→ WHAT IS EXPECTED
Retype the entries exactly, but skip the pictures.

-----

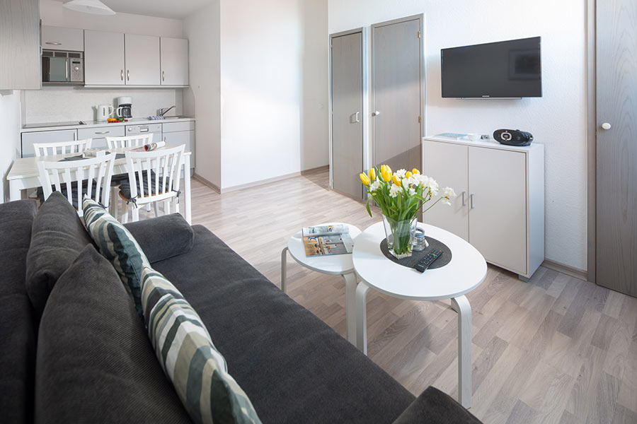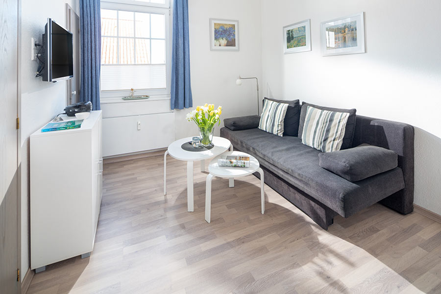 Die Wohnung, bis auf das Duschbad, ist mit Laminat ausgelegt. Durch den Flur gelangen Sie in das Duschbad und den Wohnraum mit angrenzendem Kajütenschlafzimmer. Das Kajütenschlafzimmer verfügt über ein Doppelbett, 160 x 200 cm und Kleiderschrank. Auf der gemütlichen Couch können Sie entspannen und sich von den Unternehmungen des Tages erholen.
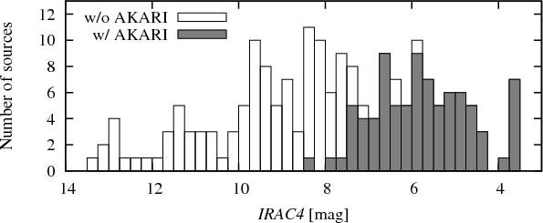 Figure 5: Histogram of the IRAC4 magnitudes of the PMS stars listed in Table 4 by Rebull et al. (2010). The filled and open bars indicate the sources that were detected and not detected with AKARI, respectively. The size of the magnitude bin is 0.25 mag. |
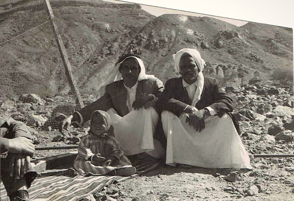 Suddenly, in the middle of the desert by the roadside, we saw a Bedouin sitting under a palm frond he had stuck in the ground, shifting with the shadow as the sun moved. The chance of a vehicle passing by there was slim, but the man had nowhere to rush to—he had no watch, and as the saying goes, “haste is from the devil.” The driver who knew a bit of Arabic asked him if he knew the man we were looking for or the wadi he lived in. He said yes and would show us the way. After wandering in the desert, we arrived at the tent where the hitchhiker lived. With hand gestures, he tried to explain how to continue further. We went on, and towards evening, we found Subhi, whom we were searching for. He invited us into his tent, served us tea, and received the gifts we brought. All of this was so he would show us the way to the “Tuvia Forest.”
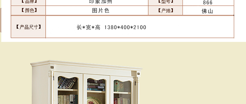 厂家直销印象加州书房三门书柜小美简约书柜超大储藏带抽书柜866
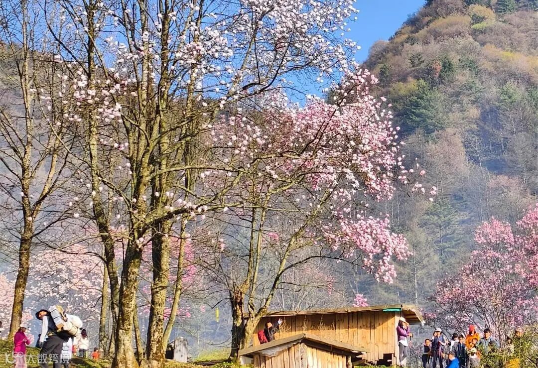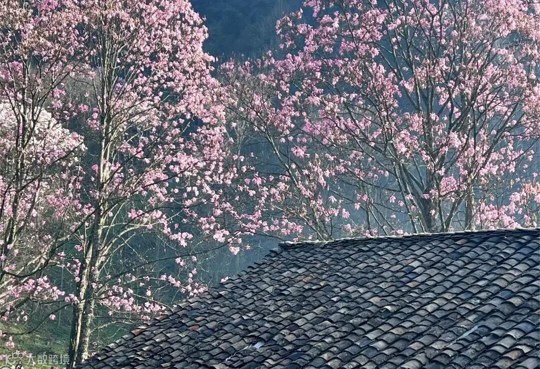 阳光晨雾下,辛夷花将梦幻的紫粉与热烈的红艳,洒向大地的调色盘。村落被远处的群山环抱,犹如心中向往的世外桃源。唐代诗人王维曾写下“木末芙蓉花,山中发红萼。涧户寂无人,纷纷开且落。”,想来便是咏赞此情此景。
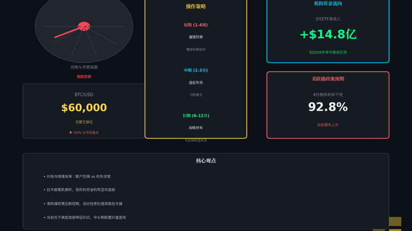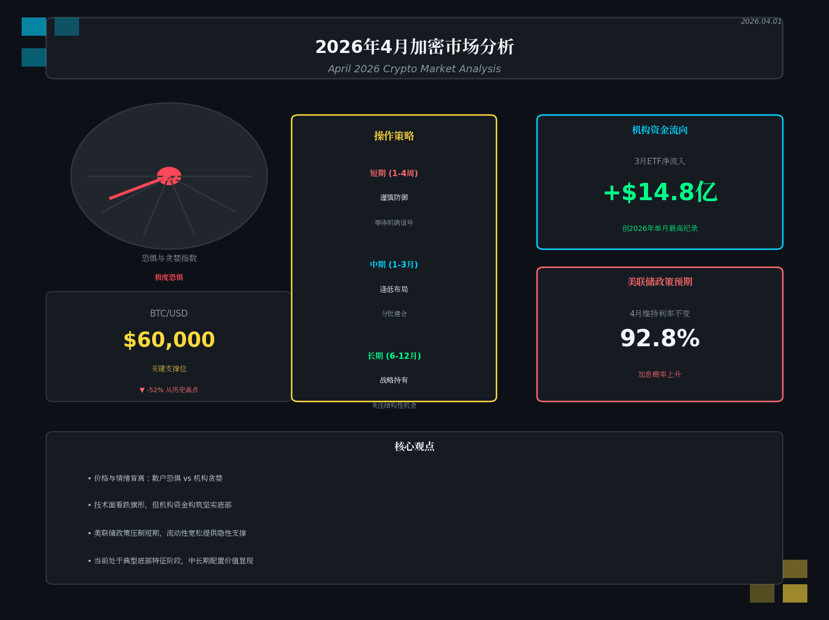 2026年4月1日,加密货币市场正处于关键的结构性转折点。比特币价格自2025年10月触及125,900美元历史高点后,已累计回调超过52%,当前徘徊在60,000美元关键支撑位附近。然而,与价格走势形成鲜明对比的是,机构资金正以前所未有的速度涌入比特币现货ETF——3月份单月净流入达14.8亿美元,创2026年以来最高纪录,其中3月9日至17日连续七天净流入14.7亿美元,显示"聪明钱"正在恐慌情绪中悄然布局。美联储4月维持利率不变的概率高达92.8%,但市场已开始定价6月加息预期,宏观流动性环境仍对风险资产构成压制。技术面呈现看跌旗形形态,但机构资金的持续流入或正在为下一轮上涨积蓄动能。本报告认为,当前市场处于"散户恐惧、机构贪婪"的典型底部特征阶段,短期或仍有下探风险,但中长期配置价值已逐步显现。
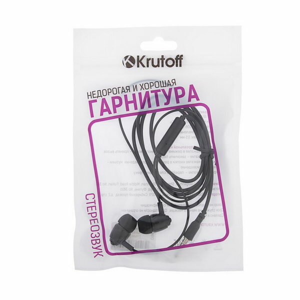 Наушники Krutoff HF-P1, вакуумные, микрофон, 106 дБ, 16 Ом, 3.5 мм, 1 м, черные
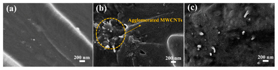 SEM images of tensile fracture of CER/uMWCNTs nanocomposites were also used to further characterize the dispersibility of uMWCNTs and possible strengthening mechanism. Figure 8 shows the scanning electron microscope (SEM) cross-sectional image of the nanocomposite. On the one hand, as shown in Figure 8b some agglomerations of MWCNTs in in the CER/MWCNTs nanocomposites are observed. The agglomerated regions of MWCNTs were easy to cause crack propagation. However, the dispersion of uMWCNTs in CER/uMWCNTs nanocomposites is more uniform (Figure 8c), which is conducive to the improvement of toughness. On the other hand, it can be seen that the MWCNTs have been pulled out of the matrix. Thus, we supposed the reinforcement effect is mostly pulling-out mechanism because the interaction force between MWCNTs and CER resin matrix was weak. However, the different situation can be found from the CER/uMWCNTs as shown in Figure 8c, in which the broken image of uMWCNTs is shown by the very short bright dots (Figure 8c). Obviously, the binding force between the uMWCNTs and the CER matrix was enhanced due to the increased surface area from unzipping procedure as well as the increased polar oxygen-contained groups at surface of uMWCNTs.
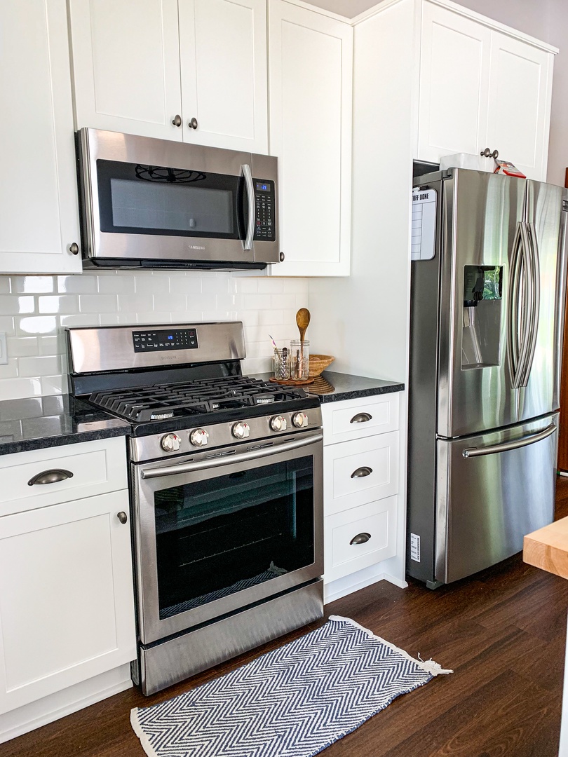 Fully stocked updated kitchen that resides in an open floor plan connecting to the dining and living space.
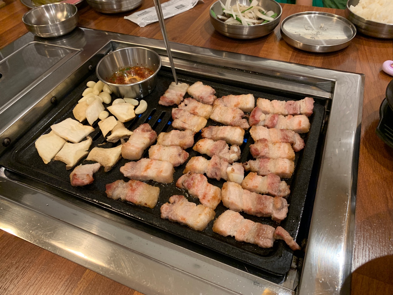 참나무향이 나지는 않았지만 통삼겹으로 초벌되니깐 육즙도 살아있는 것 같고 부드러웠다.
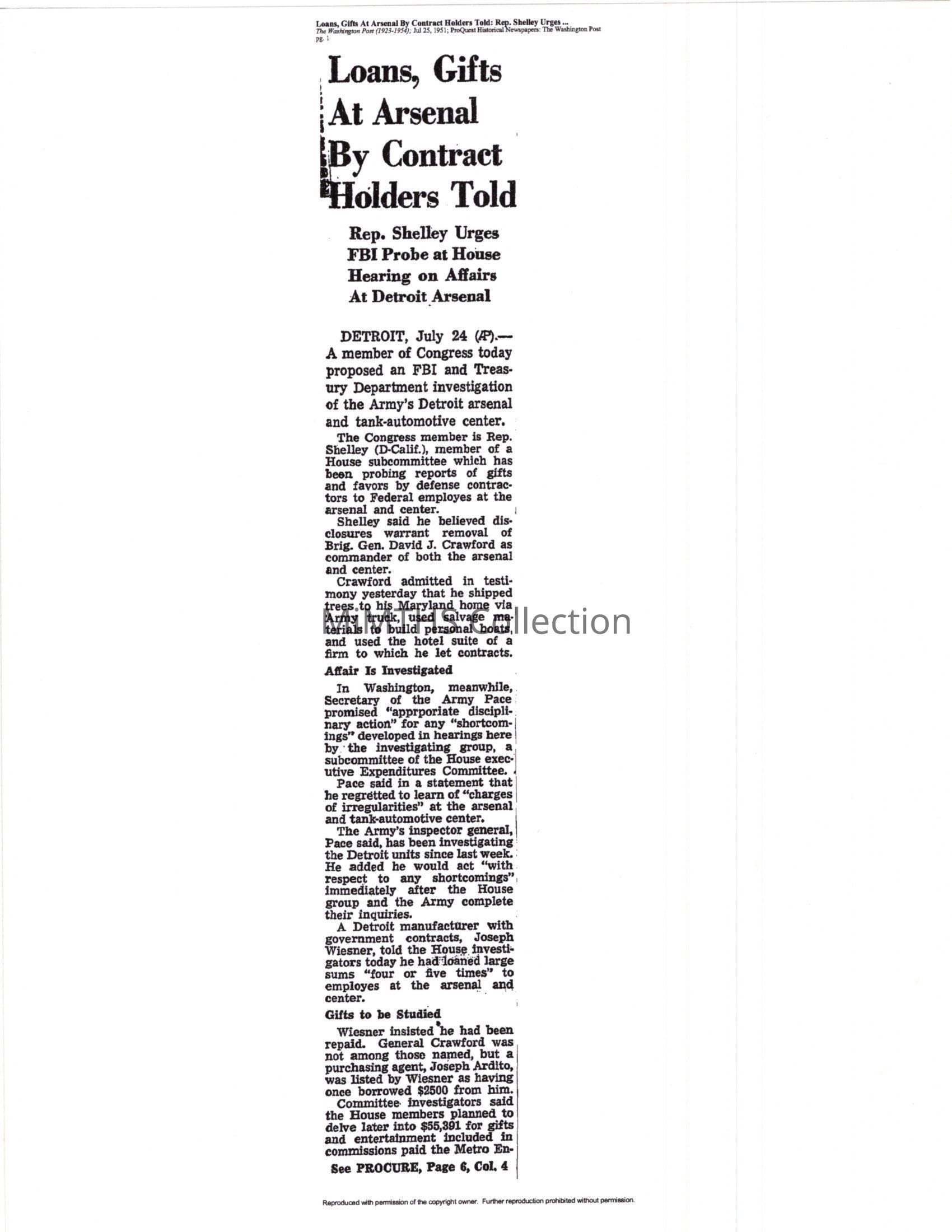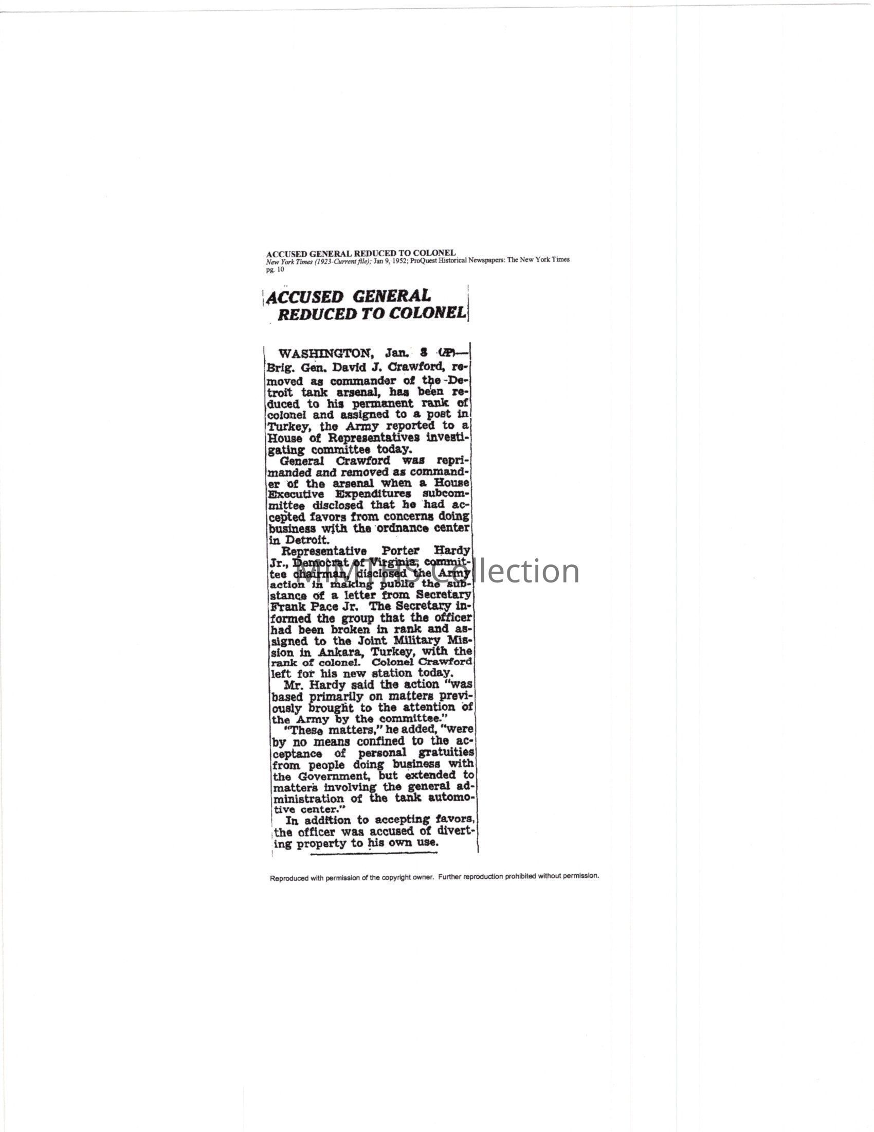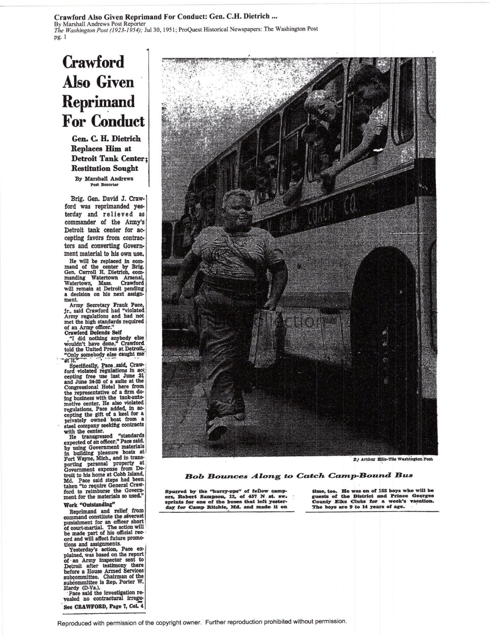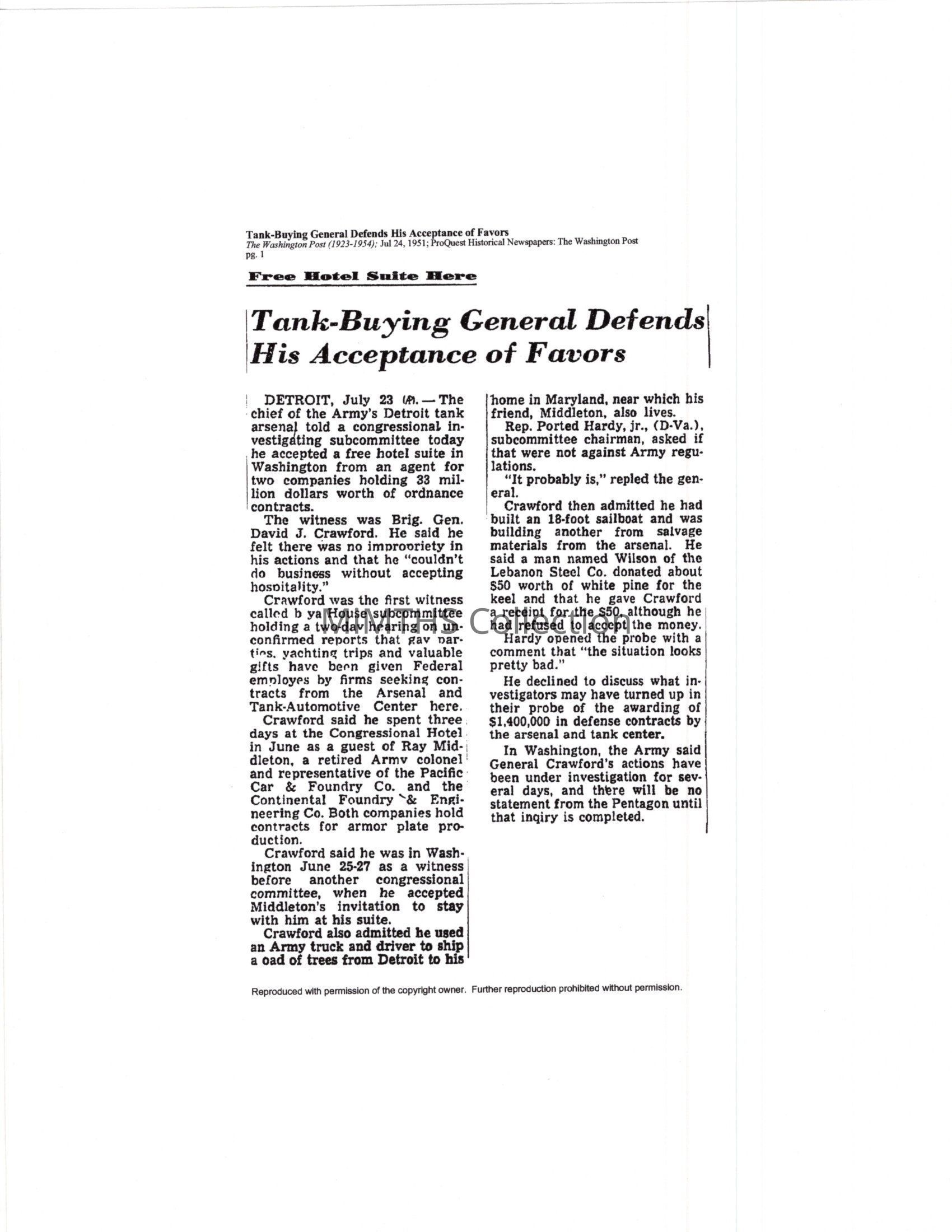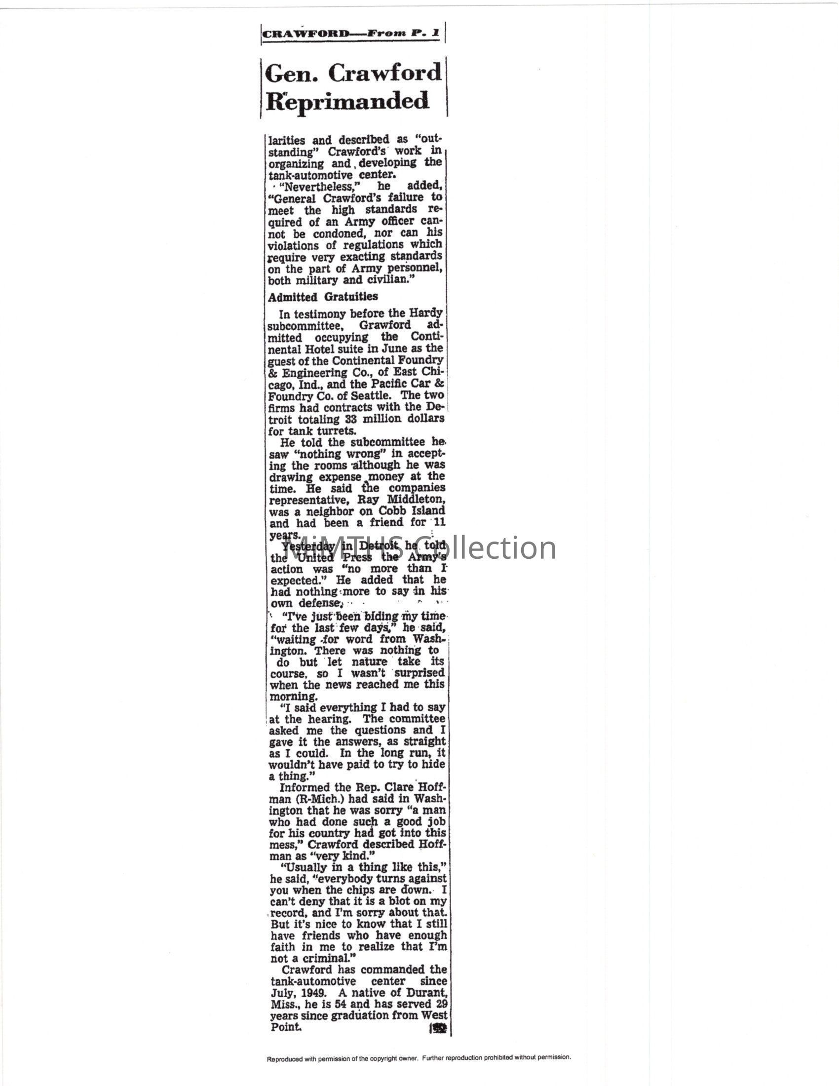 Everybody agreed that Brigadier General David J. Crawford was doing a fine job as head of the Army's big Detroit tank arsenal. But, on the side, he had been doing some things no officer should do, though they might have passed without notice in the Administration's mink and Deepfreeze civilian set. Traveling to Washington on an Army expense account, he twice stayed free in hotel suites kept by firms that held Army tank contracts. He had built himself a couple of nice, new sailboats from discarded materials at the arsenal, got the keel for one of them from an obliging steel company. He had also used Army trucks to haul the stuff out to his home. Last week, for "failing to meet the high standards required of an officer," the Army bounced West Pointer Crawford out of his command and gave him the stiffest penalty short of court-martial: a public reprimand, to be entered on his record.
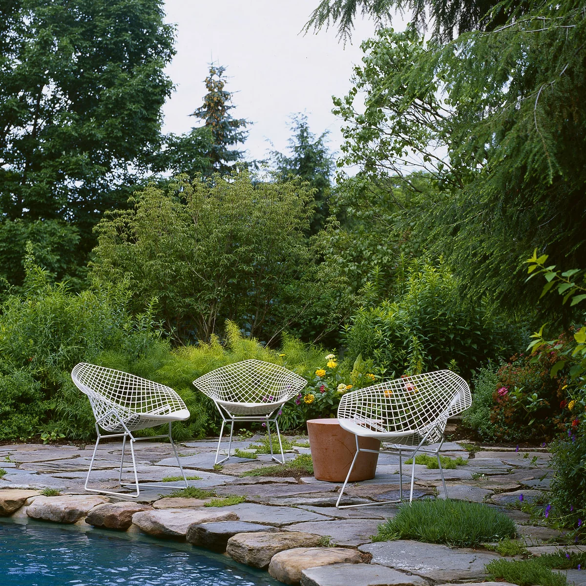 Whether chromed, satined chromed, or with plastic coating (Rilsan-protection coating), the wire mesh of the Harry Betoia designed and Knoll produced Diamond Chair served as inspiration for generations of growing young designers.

-----

→ YOUR RESPONSE
 Die Wohnung, bis auf das Duschbad, ist mit Laminat ausgelegt. Durch den Flur gelangen Sie in das Duschbad und den Wohnraum mit angrenzendem Kajütenschlafzimmer. Das Kajütenschlafzimmer verfügt über ein Doppelbett, 160 x 200 cm und Kleiderschrank. Auf der gemütlichen Couch können Sie entspannen und sich von den Unternehmungen des Tages erholen.
 Figure 5: Histogram of the IRAC4 magnitudes of the PMS stars listed in Table 4 by Rebull et al. (2010). The filled and open bars indicate the sources that were detected and not detected with AKARI, respectively. The size of the magnitude bin is 0.25 mag. |
 Suddenly, in the middle of the desert by the roadside, we saw a Bedouin sitting under a palm frond he had stuck in the ground, shifting with the shadow as the sun moved. The chance of a vehicle passing by there was slim, but the man had nowhere to rush to—he had no watch, and as the saying goes, “haste is from the devil.” The driver who knew a bit of Arabic asked him if he knew the man we were looking for or the wadi he lived in. He said yes and would show us the way. After wandering in the desert, we arrived at the tent where the hitchhiker lived. With hand gestures, he tried to explain how to continue further. We went on, and towards evening, we found Subhi, whom we were searching for. He invited us into his tent, served us tea, and received the gifts we brought. All of this was so he would show us the way to the “Tuvia Forest.”
 厂家直销印象加州书房三门书柜小美简约书柜超大储藏带抽书柜866
 阳光晨雾下,辛夷花将梦幻的紫粉与热烈的红艳,洒向大地的调色盘。村落被远处的群山环抱,犹如心中向往的世外桃源。唐代诗人王维曾写下“木末芙蓉花,山中发红萼。涧户寂无人,纷纷开且落。”,想来便是咏赞此情此景。
 2026年4月1日,加密货币市场正处于关键的结构性转折点。比特币价格自2025年10月触及125,900美元历史高点后,已累计回调超过52%,当前徘徊在60,000美元关键支撑位附近。然而,与价格走势形成鲜明对比的是,机构资金正以前所未有的速度涌入比特币现货ETF——3月份单月净流入达14.8亿美元,创2026年以来最高纪录,其中3月9日至17日连续七天净流入14.7亿美元,显示"聪明钱"正在恐慌情绪中悄然布局。美联储4月维持利率不变的概率高达92.8%,但市场已开始定价6月加息预期,宏观流动性环境仍对风险资产构成压制。技术面呈现看跌旗形形态,但机构资金的持续流入或正在为下一轮上涨积蓄动能。本报告认为,当前市场处于"散户恐惧、机构贪婪"的典型底部特征阶段,短期或仍有下探风险,但中长期配置价值已逐步显现。
 Наушники Krutoff HF-P1, вакуумные, микрофон, 106 дБ, 16 Ом, 3.5 мм, 1 м, черные
 SEM images of tensile fracture of CER/uMWCNTs nanocomposites were also used to further characterize the dispersibility of uMWCNTs and possible strengthening mechanism. Figure 8 shows the scanning electron microscope (SEM) cross-sectional image of the nanocomposite. On the one hand, as shown in Figure 8b some agglomerations of MWCNTs in in the CER/MWCNTs nanocomposites are observed. The agglomerated regions of MWCNTs were easy to cause crack propagation. However, the dispersion of uMWCNTs in CER/uMWCNTs nanocomposites is more uniform (Figure 8c), which is conducive to the improvement of toughness. On the other hand, it can be seen that the MWCNTs have been pulled out of the matrix. Thus, we supposed the reinforcement effect is mostly pulling-out mechanism because the interaction force between MWCNTs and CER resin matrix was weak. However, the different situation can be found from the CER/uMWCNTs as shown in Figure 8c, in which the broken image of uMWCNTs is shown by the very short bright dots (Figure 8c). Obviously, the binding force between the uMWCNTs and the CER matrix was enhanced due to the increased surface area from unzipping procedure as well as the increased polar oxygen-contained groups at surface of uMWCNTs.
 Fully stocked updated kitchen that resides in an open floor plan connecting to the dining and living space.
 참나무향이 나지는 않았지만 통삼겹으로 초벌되니깐 육즙도 살아있는 것 같고 부드러웠다.
 Everybody agreed that Brigadier General David J. Crawford was doing a fine job as head of the Army's big Detroit tank arsenal. But, on the side, he had been doing some things no officer should do, though they might have passed without notice in the Administration's mink and Deepfreeze civilian set. Traveling to Washington on an Army expense account, he twice stayed free in hotel suites kept by firms that held Army tank contracts. He had built himself a couple of nice, new sailboats from discarded materials at the arsenal, got the keel for one of them from an obliging steel company. He had also used Army trucks to haul the stuff out to his home. Last week, for "failing to meet the high standards required of an officer," the Army bounced West Pointer Crawford out of his command and gave him the stiffest penalty short of court-martial: a public reprimand, to be entered on his record.
 Whether chromed, satined chromed, or with plastic coating (Rilsan-protection coating), the wire mesh of the Harry Betoia designed and Knoll produced Diamond Chair served as inspiration for generations of growing young designers.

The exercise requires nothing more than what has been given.